▶ _DATA SHOWN_
-*-

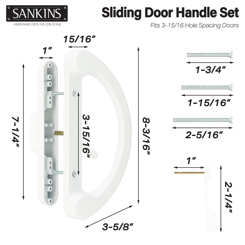 - [GREAT VALUE NON-KEYED PATIO DOOR HANDLE SET] SANKINS replacement patio door handle set comes with 1 interior handle, 1 exterior non-keyed non-locking pull, a thumb latch lever and 6 screws with 3 different lengths to fit various thickness doors (2x 1-3/4” Screws, 2x 1-15/16” Screws, and 2x 2-5/16”).
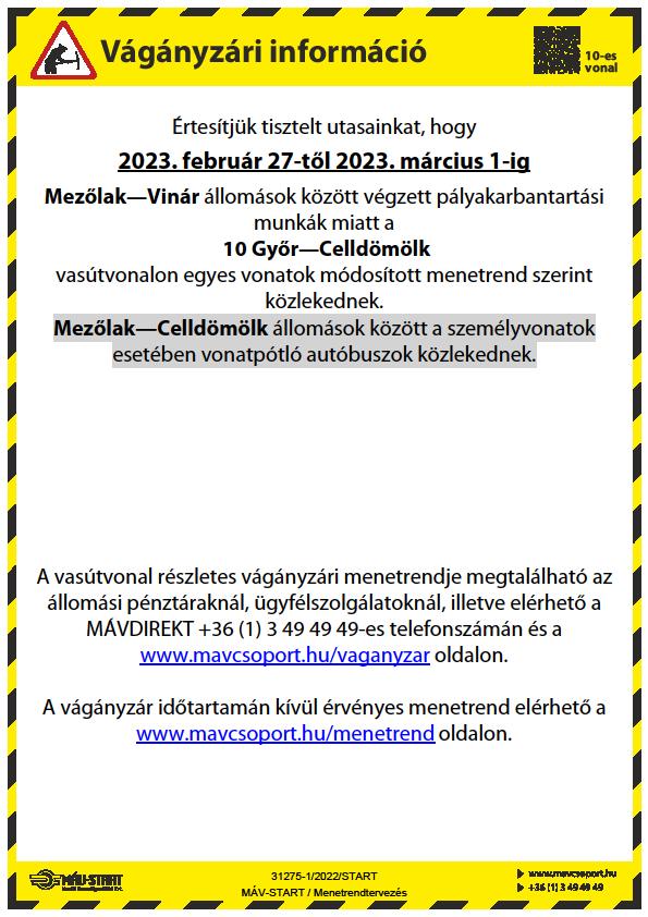 Február 27-e és március 1-je között pedig pótlobuszok viszik az utasokat Mezőlak és Celldömölk között.
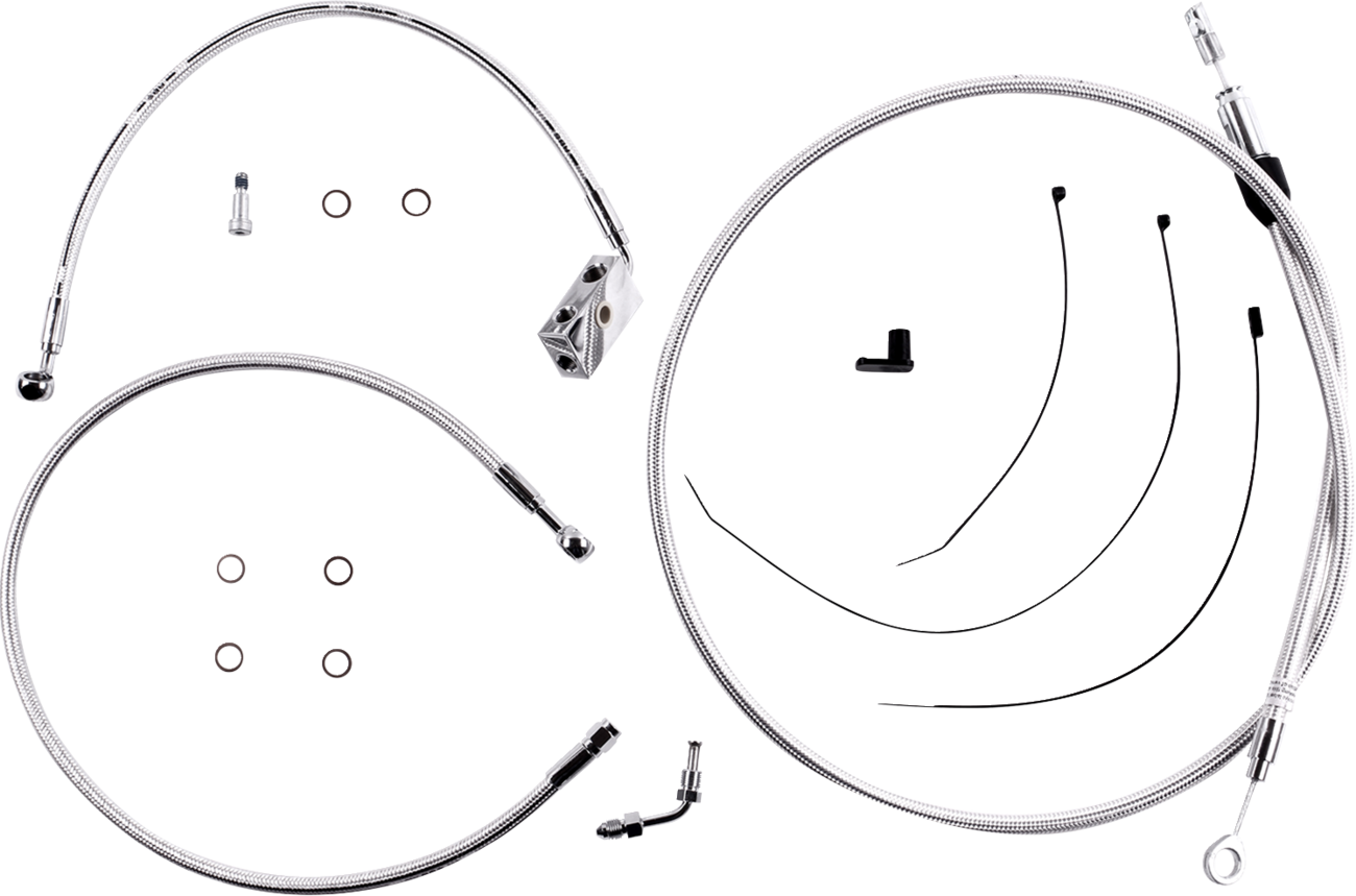 • Kit includes throttle and idle cables of throttle-by-wire extensions, clutch cable or hydraulic clutch line, brake lines, copper crush washers, hardware, and any necessary switch wiring of turn signal extension
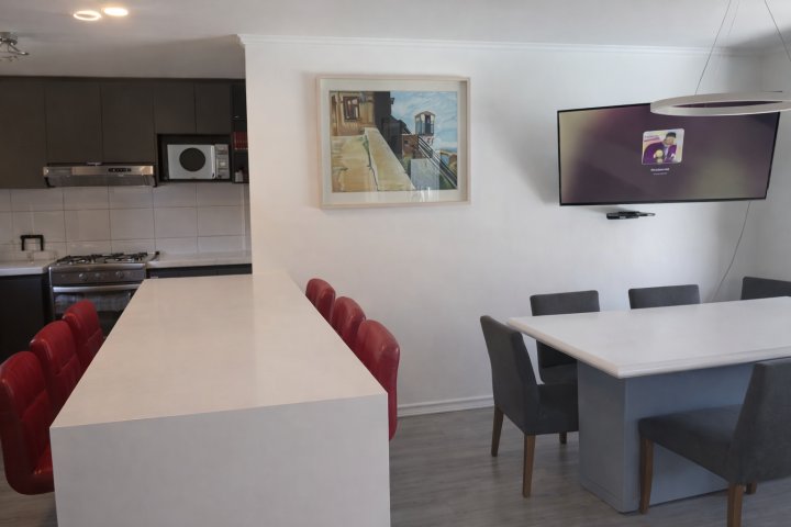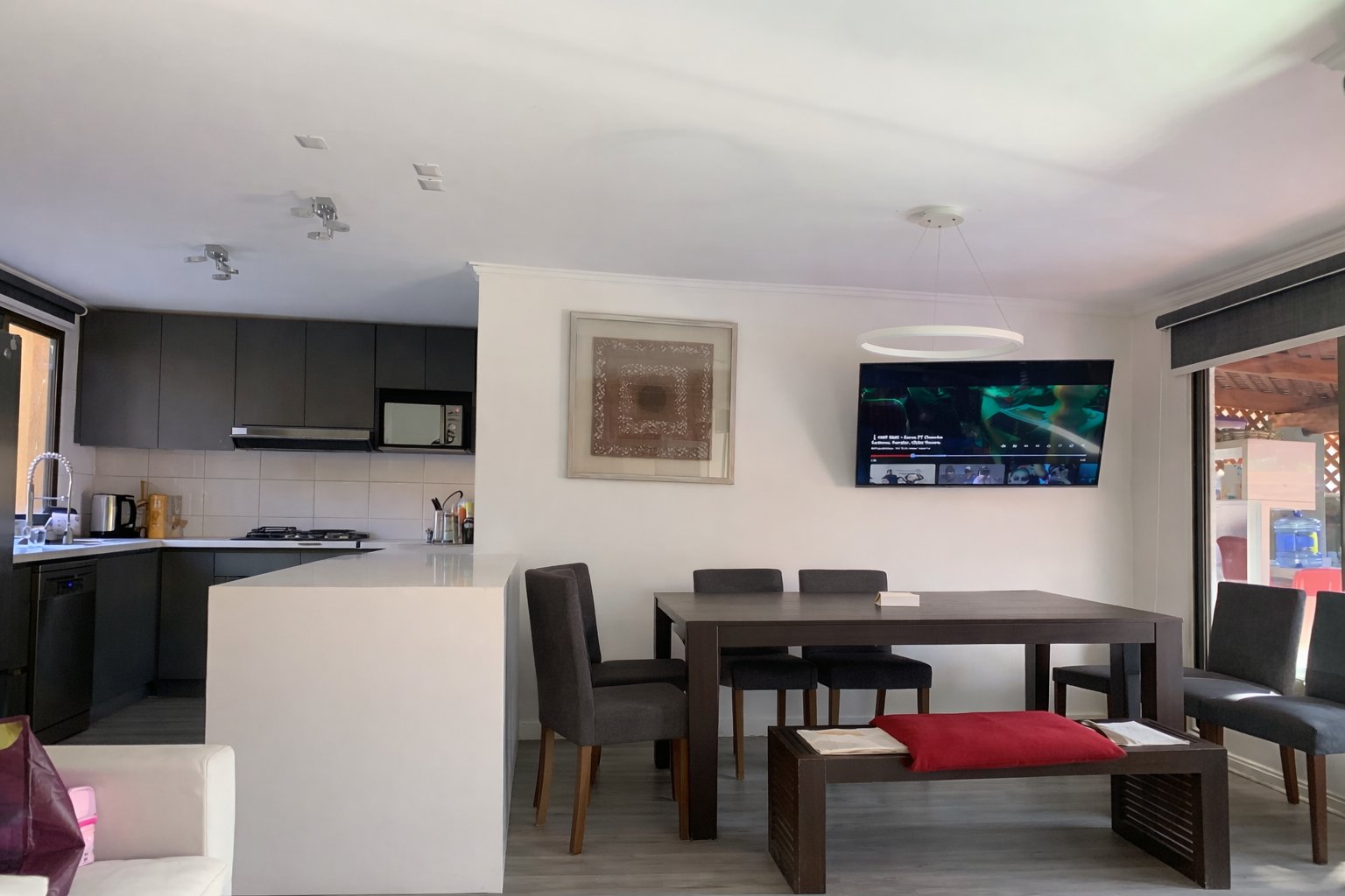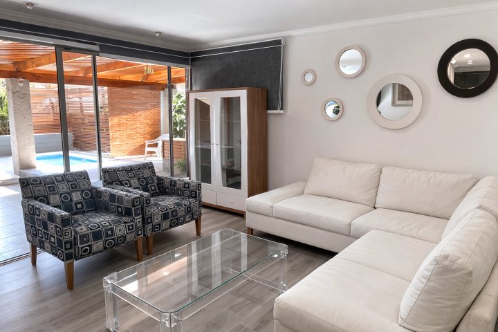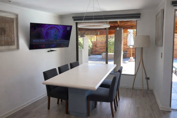 Casa remodelada de 4 dormitorios en condominio cerrado, con piscina climatizada Ubicada en el sector El Solar con Consistorial, en un entorno residencial consolidado, cercano a colegios, strip centers, supermercados y centros médicos como Clínica Las Condes e Integramédica. Excelente conectividad, a solo 5 minutos del metro. La propiedad se distribuye de la siguiente manera: Primer piso: Hall de acceso Moderna cocina integrada, completamente equipada con lavavajillas, encimera y horno Cocina conectada a zona de lavadero con salida directa a la terraza Cubiertas y gran isla de Silestone blanco, diseñada como comedor diario para 6 personas, integrando cocina, comedor y living Amplio living-comedor con salida a terraza Terraza con quincho y piscina equipada con bomba de calor, ideal para uso durante todo el año Baño de visitas Dormitorio principal en suite, con closets y espacio para escritorio, con salida directa a la terraza (incluye aire acondicionado) Bodega exterior Cortinas roller incluidas en living y sector de lavadero Piso vinílico gris claro en toda la propiedad Estacionamiento para 2 vehículos Segundo piso: Tres dormitorios de buen tamaño Sala de estar con salida a balcón Baño completo Dormitorio 3 con aire acondicionado DISPONIBILIDAD A PARTIR 01 MAYO 2026
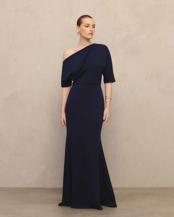 Vestido Comprido com Top Assimétrico em Cetim
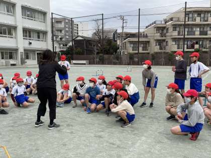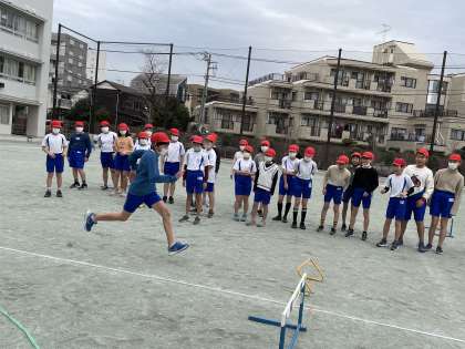 友達の跳び方を見て、速く走るポイントを考えていました。先生が「どうしてあんなに速く走れるのだろう?」と問うことで、走り方やハードルを跳びこすときの動き方に意識が向かいます。
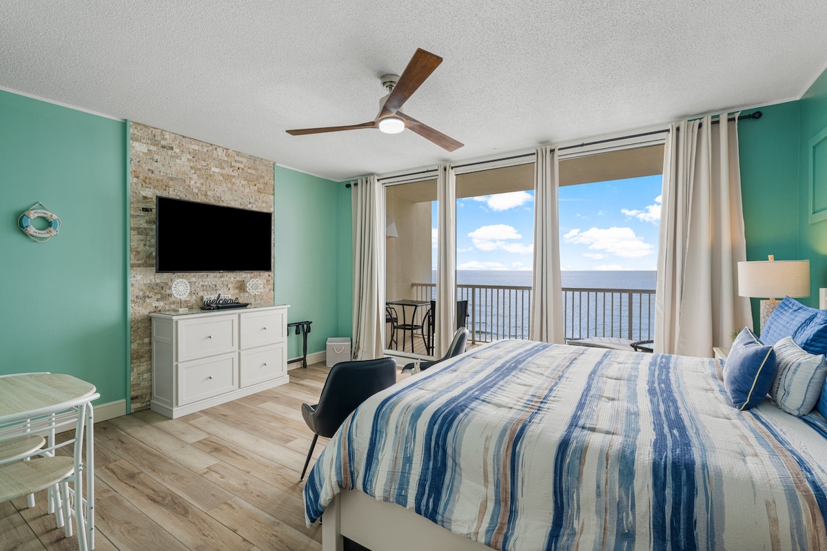 Located in Tower 1 on the 9th floor, our studio offers breathtaking, unparalleled panoramic views of the Gulf of Mexico. This oceanfront condo features standard furnishings and ample space, making it the perfect opportunity for a romantic getaway in one of PCB's most popular resorts: Majestic Beach Resort. This space will feel like a hotel just feet away from the beach. Beach service is included (2 beach lounges and 1 umbrella) from March 1st to October 31st, valued at $60 per day.
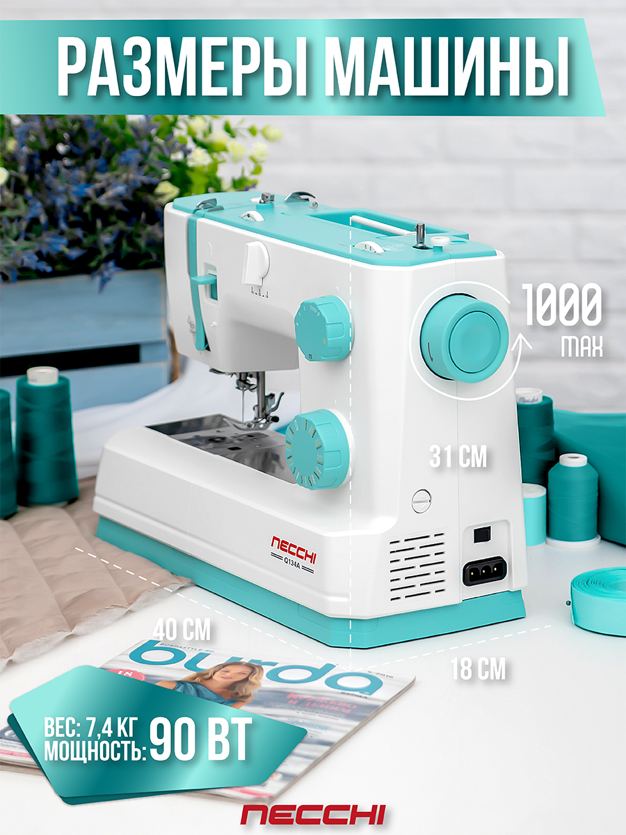 Швейная машина NECCHI Q134A, 34 операции, петля автомат, дополнительный столик, нитевдеватель: сравнение цен, характеристики, фото, актуальное наличие и цены.

-*-

▶ _WHAT TO WORK ON_
Return exactly the lines of the data, beginning with the first and ending with the line containing "turn signal extension". Skip the pictures.

▶ _WORKED SOLUTION_
 - [GREAT VALUE NON-KEYED PATIO DOOR HANDLE SET] SANKINS replacement patio door handle set comes with 1 interior handle, 1 exterior non-keyed non-locking pull, a thumb latch lever and 6 screws with 3 different lengths to fit various thickness doors (2x 1-3/4” Screws, 2x 1-15/16” Screws, and 2x 2-5/16”).
 Február 27-e és március 1-je között pedig pótlobuszok viszik az utasokat Mezőlak és Celldömölk között.
 • Kit includes throttle and idle cables of throttle-by-wire extensions, clutch cable or hydraulic clutch line, brake lines, copper crush washers, hardware, and any necessary switch wiring of turn signal extension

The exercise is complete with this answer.